Por supuesto, a lo largo de la historia del pensamiento, las formas de aproximarse al intento de
responder a esta pregunta han sido diversas. Los acentos en cuanto a los aspectos destacados o
las metodologías empleadas tienen gran variación en un momento u otro. Pero de todos modos,
la misión última, esto es, el mejor conocimiento de nosotros mismos, permanece inalterada.

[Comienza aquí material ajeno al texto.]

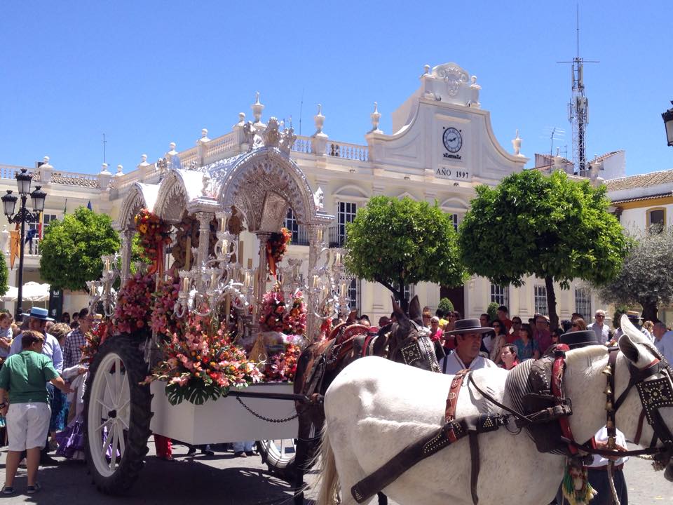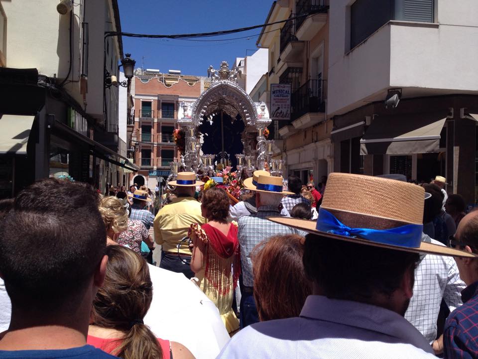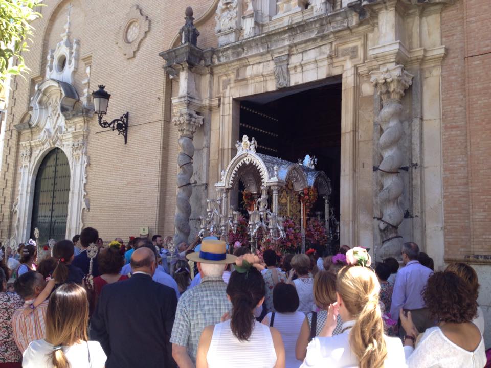 La Hdad. de Cabra tras celebrar su Misa de Romero a las 12:00 horas en la Parroquia de S. Domingo de Guzmán inicia su camino hacia la Blanca Paloma.

Este trasfondo general es, pareciera, el que permite darle un sentido mucho más claro y concreto
a la investigación antropológica. Es verdad: la antropología como disciplina independiente es
relativamente joven si se la compara con otras áreas de la filosofía. Pero, aún siendo esto así, uno
puede fácilmente constatar de qué manera los temas que forman parte de la investigación
antropológica, la manera de plantear sus preguntas y los fines que dicha empresa persigue,
hunden sus raíces en lo más profundo de nuestra cultura y de nuestra historia.
La antropología filosófica es, en efecto, como adelantábamos, una disciplina de origen reciente,
pero guarda una relación estructural con la que es la pregunta filosófica por antonomasia, a saber,
la pregunta por uno mismo. Por supuesto, la manera de plantear el problema de la antropología
filosófica no es el mismo que a la manera subjetiva o psicológica de hacerlo sino que se inscribe
en el esfuerzo permanente de la filosofía de dar con las verdades últimas acerca de la realidad.